=== Task requirements ===
Below is a listing. Return the lines from the one that contains "9 July 2025." to the one that contains "Camelia Trio Flower", both ends included, verbatim and with no pictures.
---------- Records for the exercise ----------
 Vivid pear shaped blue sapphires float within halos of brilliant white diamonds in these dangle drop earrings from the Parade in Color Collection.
----------
---------- Records for the exercise ----------
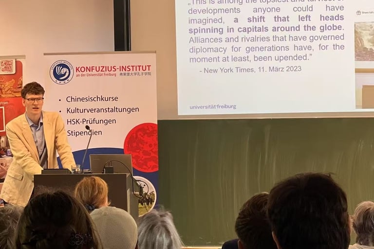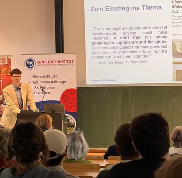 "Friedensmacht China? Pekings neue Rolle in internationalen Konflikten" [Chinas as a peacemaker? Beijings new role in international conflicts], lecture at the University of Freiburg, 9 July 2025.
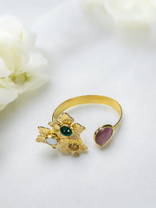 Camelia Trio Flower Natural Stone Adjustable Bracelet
----------
=== The completed task ===
 "Friedensmacht China? Pekings neue Rolle in internationalen Konflikten" [Chinas as a peacemaker? Beijings new role in international conflicts], lecture at the University of Freiburg, 9 July 2025.
 Camelia Trio Flower Natural Stone Adjustable Bracelet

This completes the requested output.